TALLAHASSEE (CBSMiami) – After winning access to a U.S. Department of Homeland Security database of non-citizens living in Florida, Gov. Rick Scott said he sees no reason why the state’s 67 elections supervisors shouldn’t return to removing ineligible voters from the rolls.

But the supervisors, many of whom have resisted the purge, say they’re not ready to trust the new lists without reviewing them first, especially with less than four months remaining until the November election.

The state appeared to win a months-long struggle with the federal government Saturday over use of the Systematic Alien Verification for Entitlements, or SAVE, database. Florida Secretary of State Ken Detzner quickly sent a letter Saturday to elections supervisors, suggesting that the SAVE material would allow the purge to resume.

“You know, it’s very reliable data, so I can’t imagine they’re not going to go forward and make sure,” Scott told CNN Monday.

Vicki Davis, president of the Florida State Association of Supervisors of Elections and the supervisor in Martin County, said the association’s executive committee is meeting Tuesday to map out its strategy.
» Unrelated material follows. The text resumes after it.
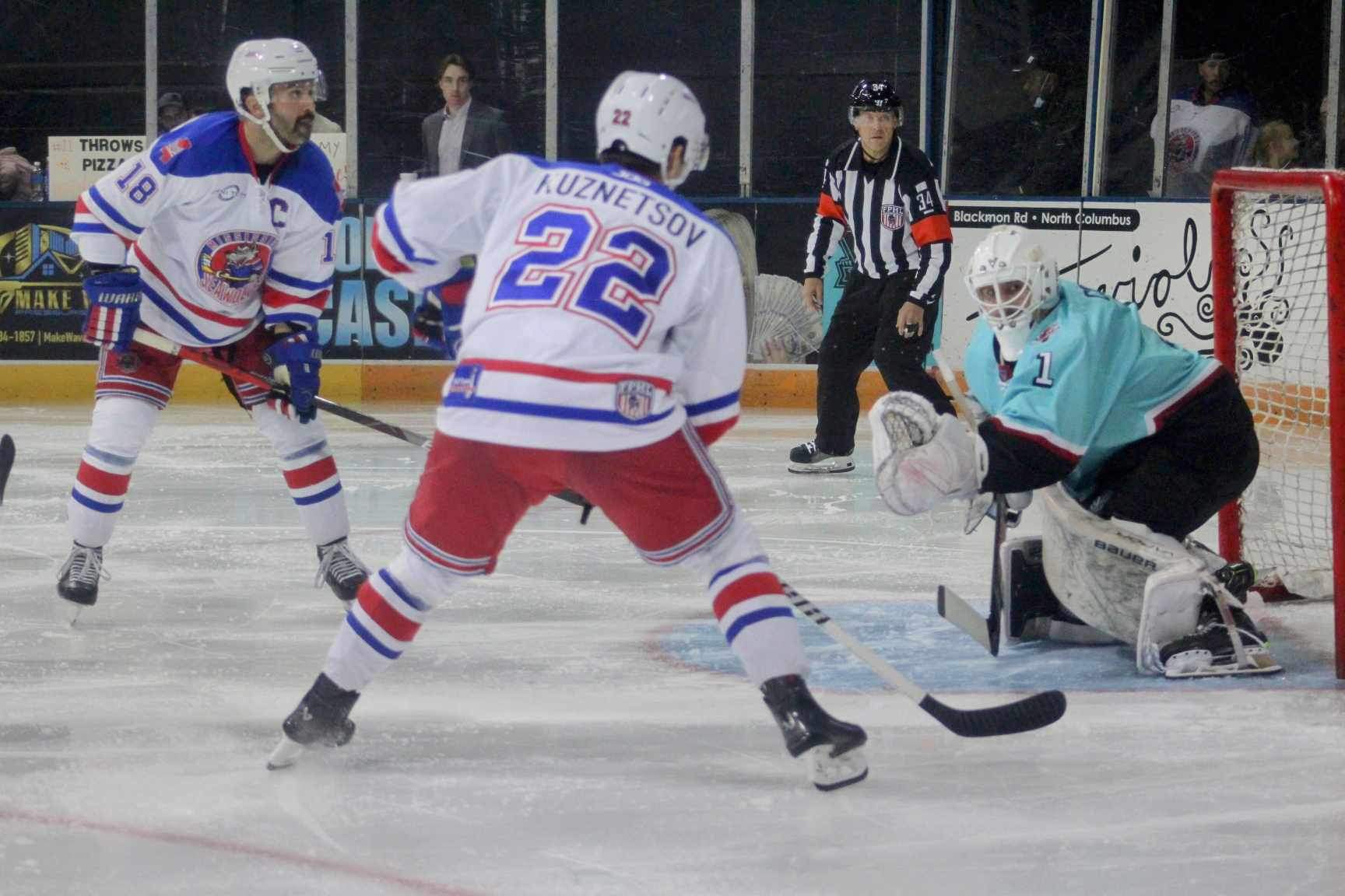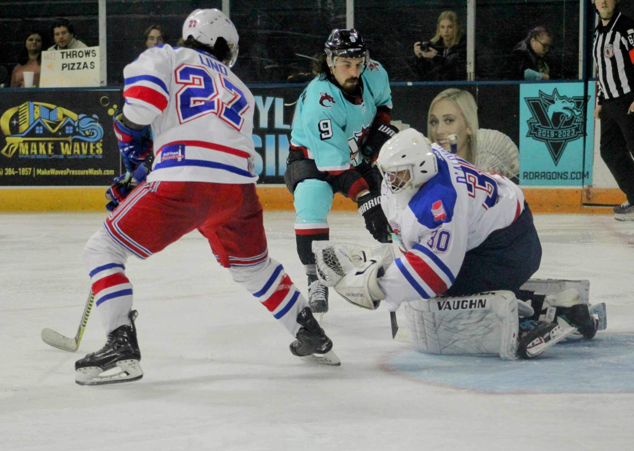 Breandan Colgan made 18 saves tonight for the River Dragons, compared to the Sea Wolves’ Blake Weyrick, who had to step up to 50 shots on goal and saved 44 of them.

And in speaking to Detzner, Davis said, she came away with the understanding that the data might not be available until after the statewide primary on Aug. 14.

“It’s going to take time to finalize the process,” she said.

Voting rights groups are also worried about the timing.

They say purging the rolls so soon before a presidential election could disenfranchise voters – to the advantage of GOP candidates.